Behind this long, low building was still another, a mere shed. Smoke rose from the sheet-iron chimney. There was somebody moving about inside the open door.

As I stood gaping at this mushroom hamlet the professor appeared at the door and asked me to enter. I stepped in at once.

The house was much larger than I had imagined. A straight hallway ran through the centre from east to west. On either side of this hallway were rooms, the doors swinging wide open. I counted three doors on each side; the three on the south appeared to be bedrooms.

The professor ushered me into a room on the north side, where I found Captain McPeek and Frisby sitting at a table, upon which were drawings and sketches of articulated animals and fishes.

"You see, McPeek," said the professor, "we only wanted one more man, and I think I've got him. – Haven't I?" turning eagerly to me.

"Why, yes," I said, laughing; "this is delightful. Am I invited to stay here?"

"Your bedroom is the third on the south side; everything is ready. McPeek, you can bring his trunk to-morrow, can't you?" demanded the professor.

The red-faced captain nodded, and shifted a quid.

"Then it's all settled," said the professor, and he drew a sigh of satisfaction. "You see," he said, turning to me, "I was at my wit's end to know whom to trust. I never thought of you. Jack's out in China, and I didn't dare trust anybody in my own profession. All you care about is writing verses and stories, isn't it?"

"I like to shoot," I replied mildly.

"Just the thing!" he cried, beaming at us all in turn. "Now I can see no reason why we should not progress rapidly.

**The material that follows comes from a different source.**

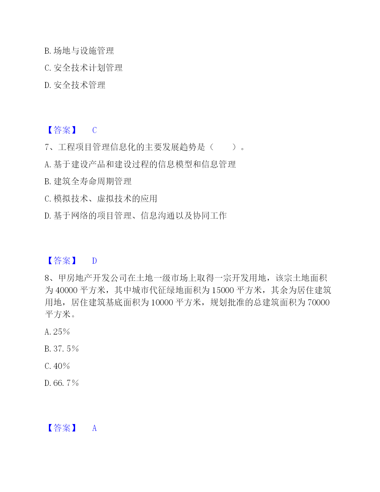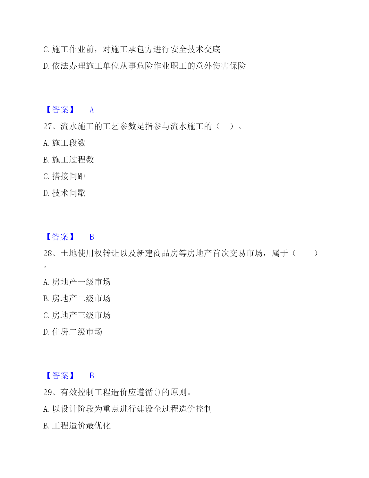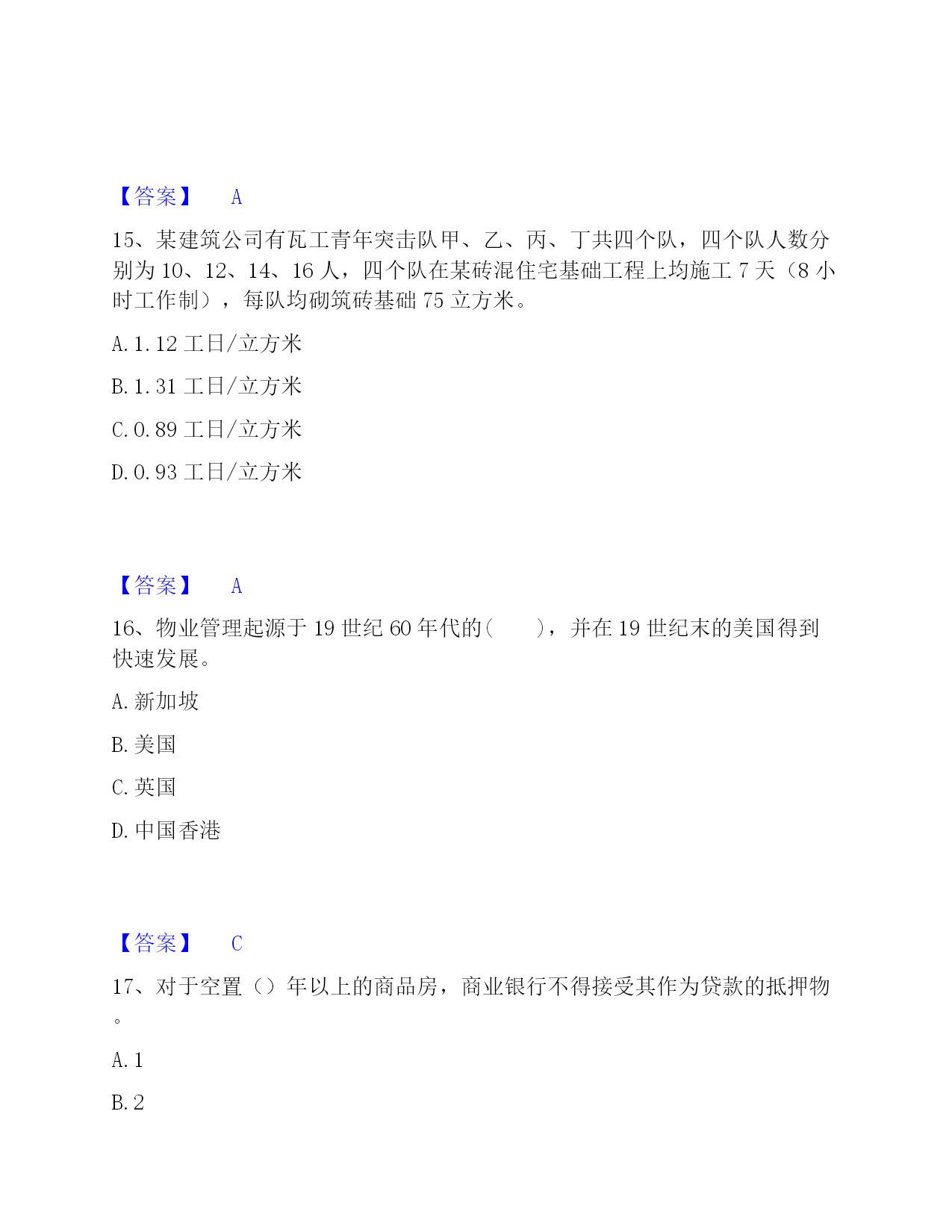 2022-2023年初级经济师之初级建筑与房地产经济练习题(一)及答案单选题(共50题)1、按成本的经济性质,工程成本由()组成。A.变动成本和固定成本B.制造成本和完全成本C.直接成本和间接成本D.预算成本和实际成本【答案】C2、今年的实际成本预计为()万元。A.3750B.4220C.4350D.4530【答案】B3、某住宅小区设计文件规定其合理使用年限为50年,工程于2011年1月竣工验收交付使用。2012年6月份,物业公司来电要求施工单位对如下问题进行维修:A.应立即组织维修B.只对保修期限内的工程组织维修C.应分清责任后组织维修D.只对施工不良的工程组织维修【答案】C4、某项目经理进行工程施工。抹灰组8人,外墙刷涂料施工23天(每天平均工作9小时),完成外墙1980m2。A.400B.440C.460D.480【答案】A5、工程项目决策阶段管理工作的主要任务是()。A.编制设计任务书B.完成初步设计C.确定项目的定义D.组织工程招标【答案】C6、施工现场安全管理的内容不包括()。A.安全组织管理B.场地与设施管理C.安全技术计划管理D.安全技术管理【答案】C7、工程项目管理信息化的主要发展趋势是()。A.基于建设产品和建设过程的信息模型和信息管理B.建筑全寿命周期管理C.模拟技术、虚拟技术的应用D.基于网络的项目管理、信息沟通以及协同工作【答案】D8、甲房地产开发公司在土地一级市场上取得一宗开发用地,该宗土地面积为40000平方米,其中城市代征绿地面积为15000平方米,其余为居住建筑用地,居住建筑基底面积为10000平方米,规划批准的总建筑面积为70000平方米。A.25%B.37.5%C.40%D.66.7%【答案】A9、下列选项中关于不动产或者动产征用的限制条件说法错误的是()。A.征用的前提条件是紧急需要。B.征用是以发展公共利益,提升公共福祉为目的的。C.征用应符合法律规定的权限和程序。D.使用后应当将征用财产返还被征用人,并且给予补偿。【答案】B10、城市国有土地不包括()。A.依法没收征用为国家所有的土地B.所属城市的乡、镇、村的土地C.城市郊区土地D.城市市区土地【答案】B11、利用历史资料的平均数来测算未来值的方法是()。A.德尔菲法B.简单平均法C.移动平均法D.加权移动平均法【答案】B12、工程进度管理的主要环节是工程进度计划的()。A.编制和优化B.编制和实施控制C.实施和检查D.检查和纠偏【答案】B13、物业管理的基本特征主要表现为()。A.社会化、专业化和自律化B.社会化、专业化和市场化C.社会化、专业化和福利化D.行政管理与自律管理相结合【答案】B14、《物业承接查验办法》明确规定的物业服务企业的法律责任不包括()A.物业服务企业是独立的企业法人,以自己的名义享有民事权利,承担民事责任。B.自物业交接之日起,物业服务企业应履行合约规定的、法律法规规定的及行业规定义务。C.物业服务企业应当将承接查验有关的文件、资料和记录建立档案并妥善保管。D.物业服务企业擅自承接未经查验的物业,给业主造成损失的应当承担相应的赔偿责任。【答案】A15、某建筑公司有瓦工青年突击队甲、乙、丙、丁共四个队,四个队人数分别为10、12、14、16人,四个队在某砖混住宅基础工程上均施工7天(8小时工作制),每队均砌筑砖基础75立方米。A.1.12工日/立方米B.1.31工日/立方米C.0.89工日/立方米D.0.93工日/立方米【答案】A16、物业管理起源于19世纪60年代的(),并在19世纪末的美国得到快速发展。A.新加坡B.美国C.英国D.中国香港【答案】C17、对于空置()年以上的商品房,商业银行不得接受其作为贷款的抵押物。A.1B.2C.3D.4【答案】C18、工程进度管理的主要环节是工程进度计划的()。A.编制和优化B.编制和实施控制C.实施和检查D.检查和纠偏【答案】B19、建筑工程险的费率中实行单独的年费率的是()。A.保证期费率B.建筑用机器、装置及设备C.各种附加险增收费率D.第三者责任险【答案】B20、负责提出工程竣工验收报告并向竣工备案部门备案的单位是()。A.施工单位B.建设单位C.监理单位D.建设工程质量监督部门【答案】B21、下列说法错误的是()。A.开发建设时序不严格B.开发周期较长C.开发投资风险较高D.开发建设条件较差【答案】A22、有效工作时间不包
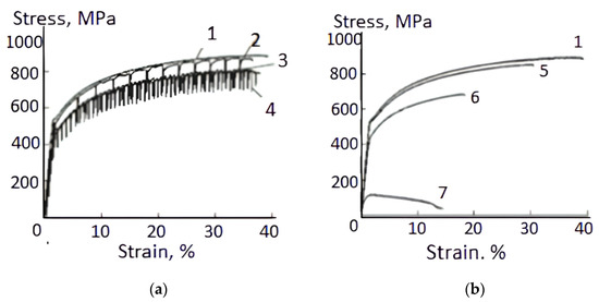 - Korolkov, O.E.; Pakhomov, M.A.; Stolyarov, V.V. Electroplastic effect in titanium alloys during tension. Fact. Laboratory. Diagn. Mater. 2022, 88, 73–82. (In Russian) [Google Scholar] [CrossRef]

McPeek, you and Frisby must get those boxes up here before dark. Dinner will be ready before you have finished unloading. Dick, you will wish to go to your room first."

My name isn't Dick, but he spoke so kindly, and beamed upon me in such a fatherly manner, that I let it go. I had occasion to correct him afterward, several times, but he always forgot the next minute. He calls me Dick to this day.

It was dark when Professor Holroyd, his daughter, and I sat down to dinner. The room was the same in which I had noticed the drawings of beast and bird, but the round table had been extended into an oval, and neatly spread with dainty linen and silver.

A fresh-cheeked Swedish girl appeared from a further room, bearing the soup.

The professor ladled it out, still beaming.

"Now, this is very delightful! – isn't it, Daisy?" he said.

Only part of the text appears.